* [Material shown]

-*-*-

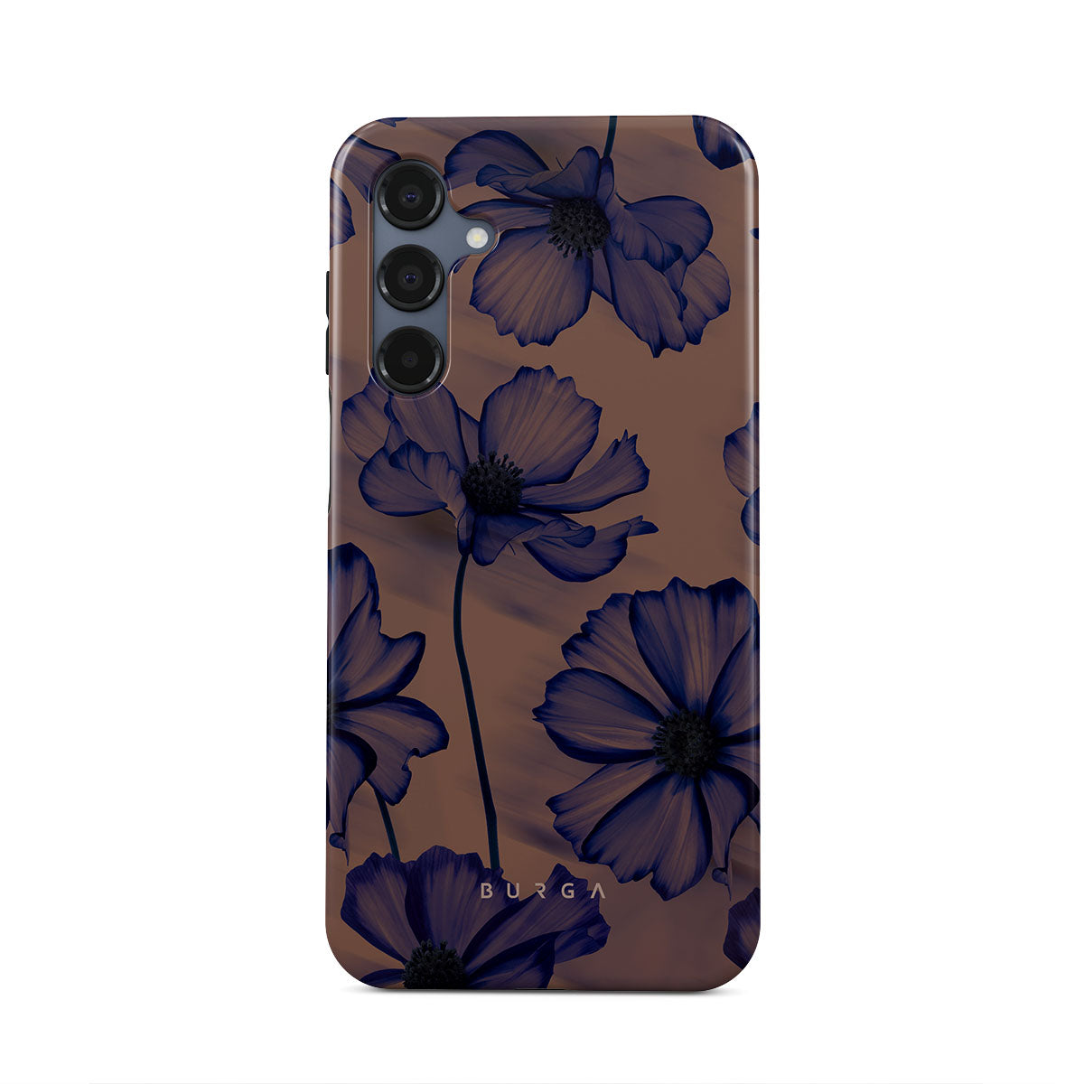 Discover our Velvet Night design. On a soft nude backdrop, blue poppies dance in the untamed rhythm of the wind. A blend of night's peace and daring energy, this Samsung Galaxy A16 phone case is perfect for those who dream big and seek adventure.
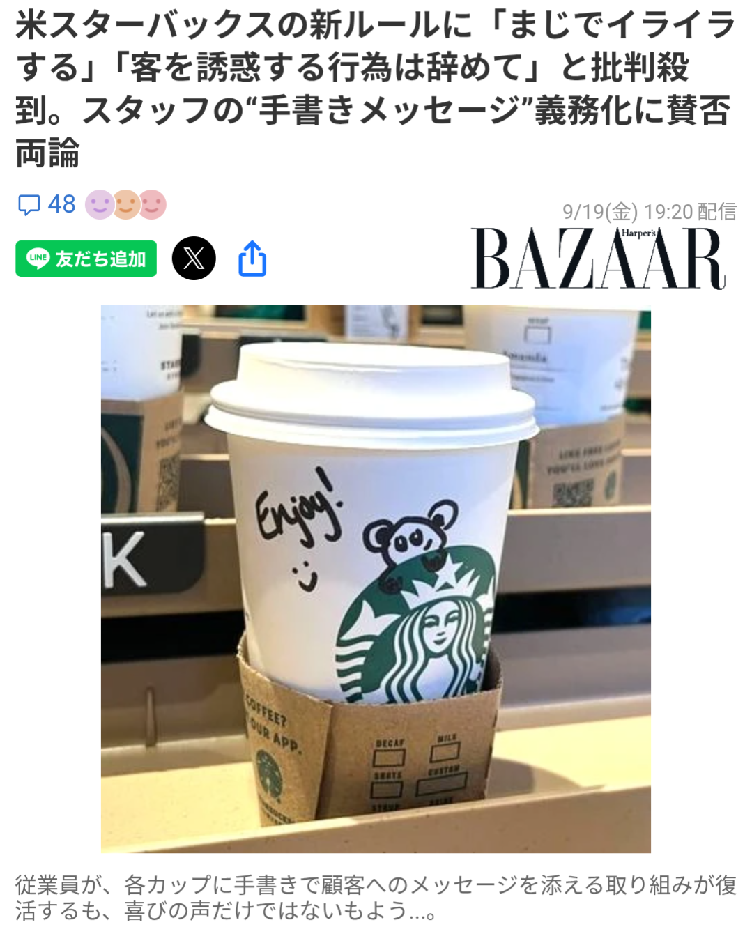 | … | 2825/09/23(火)16:54:46No.1356040809そうだねx10>「全部のカップにただ『素晴らしい1日を!』と急いで殴り書きすることに、本当に意味があるのでしょうか?そんなこと、私はやりたくありません。それで本当に、顧客と繋がっているといえるのでしょうか?」 |
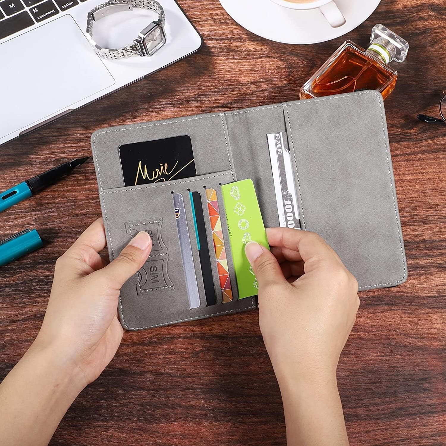 - ออกแบบมาโดยเฉพาะเพื่อเก็บหนังสือเดินทาง และมีช่องใส่บัตรประเภทต่างๆ
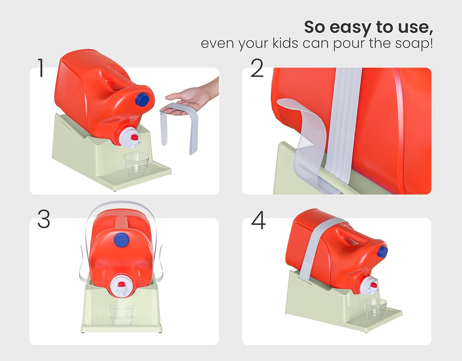 - [Effortless Soap Dispensing:] The angled design of our laundry soap organizer allows for easy soap pouring without the need to tilt or lift heavy detergent bottles, saving you time and effort during laundry.
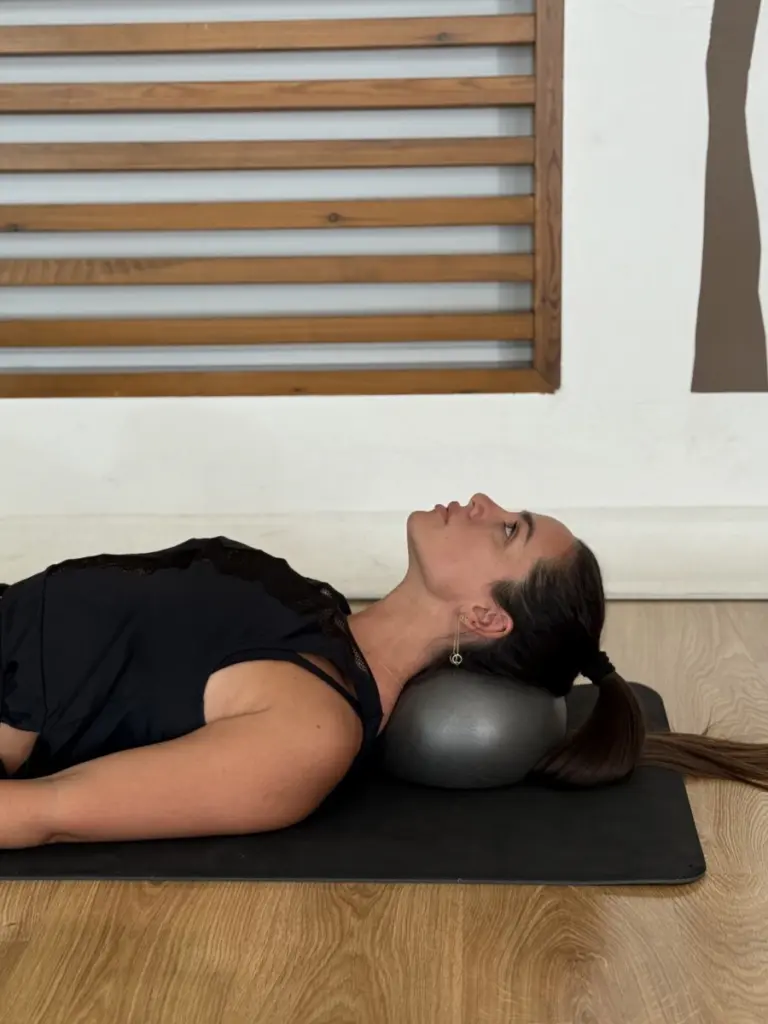 Ξαπλώνουμε ανάσκελα και τοποθετούμε μια μικρή μπάλα pilates κάτω από τον αυχένα. Με την εκπνοή κοιτάμε προς τα πάνω και πιέζουμε ελαφρώς την μπάλα με το κεφάλι.
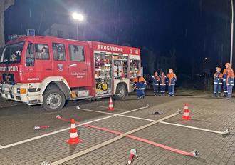 Nachdem das Spielfeld ausgeleuchtet wurde, konnten die Kinder „Tic Tac Toe“ mit Feuerwehrgeräten spielen.
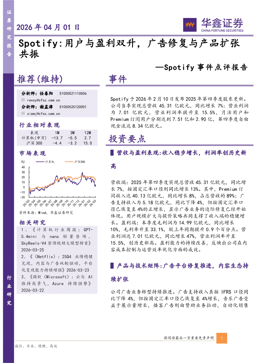 计算机行业:华鑫证券-计算机行业Spotify事件点评报告:Spotify,用户与盈利双升,广告修复与产品扩张共振-260401
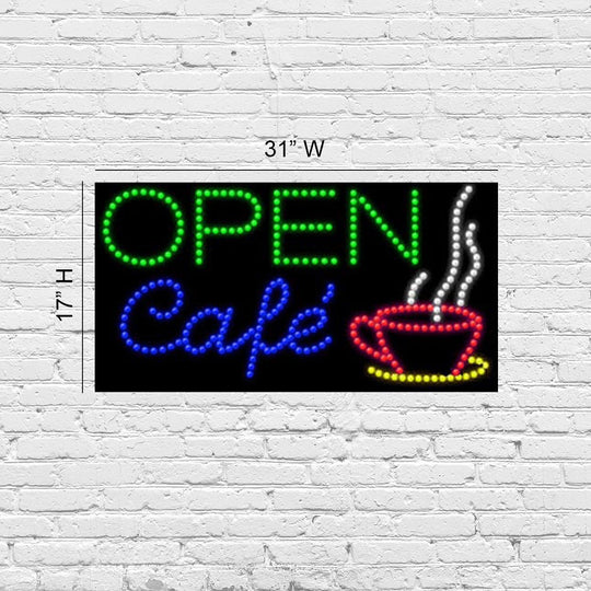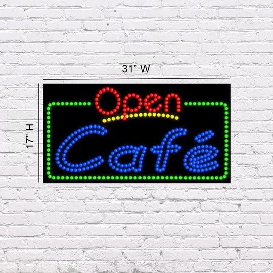 LED Open Café | Light-up Sign | 31"W x 17"H x 2"D
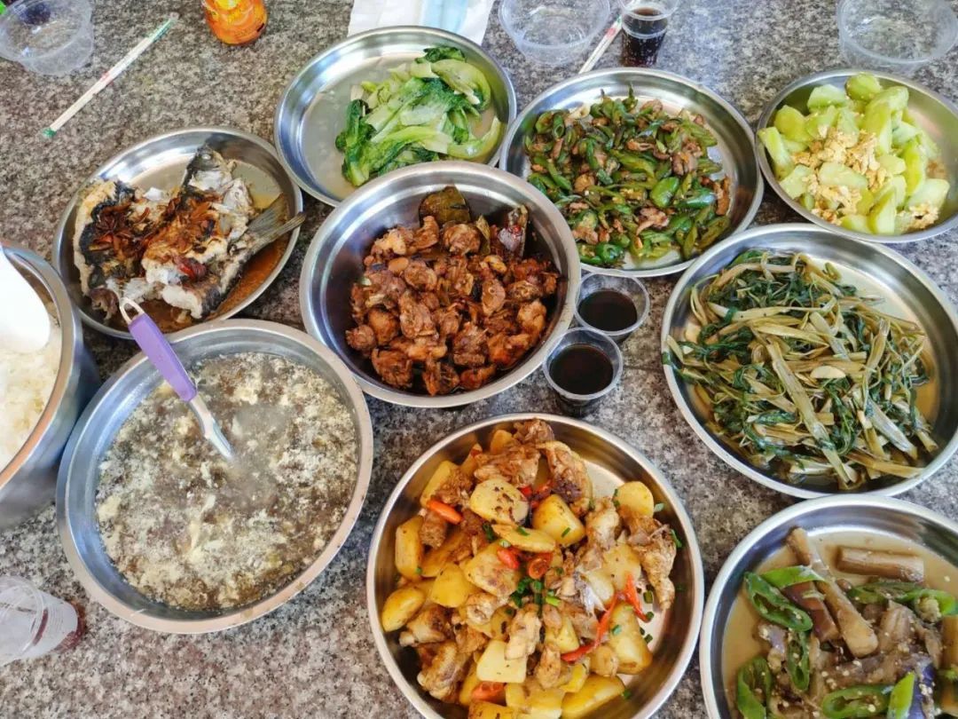 只見一組的小伙伴不會(huì)處理生魚,只能求助三組的外援小姐姐,最終成功做出了一道色香味俱全的紅燒魚。三組的小伙伴們則選擇放棄餃子,最快吃上了午飯。而二組的小伙伴們則利用簡陋的條件,做出了口感嫩滑的白切雞,醬料香辣,真是棒棒噠!土豆?fàn)F雞、啤酒鴨、虎皮尖椒、紫菜蛋花湯、辣椒炒肉、紅燒茄子、紅燒魚……午餐真是太豐盛了。

-*-*-

* [Exercise] Look above for the line with "Nachdem das Spielfeld" and the line with "LED Open Café", then copy them and all lines in between exactly as written, and only those, without any pictures.

* [Response]
 Nachdem das Spielfeld ausgeleuchtet wurde, konnten die Kinder „Tic Tac Toe“ mit Feuerwehrgeräten spielen.
 计算机行业:华鑫证券-计算机行业Spotify事件点评报告:Spotify,用户与盈利双升,广告修复与产品扩张共振-260401
 LED Open Café | Light-up Sign | 31"W x 17"H x 2"D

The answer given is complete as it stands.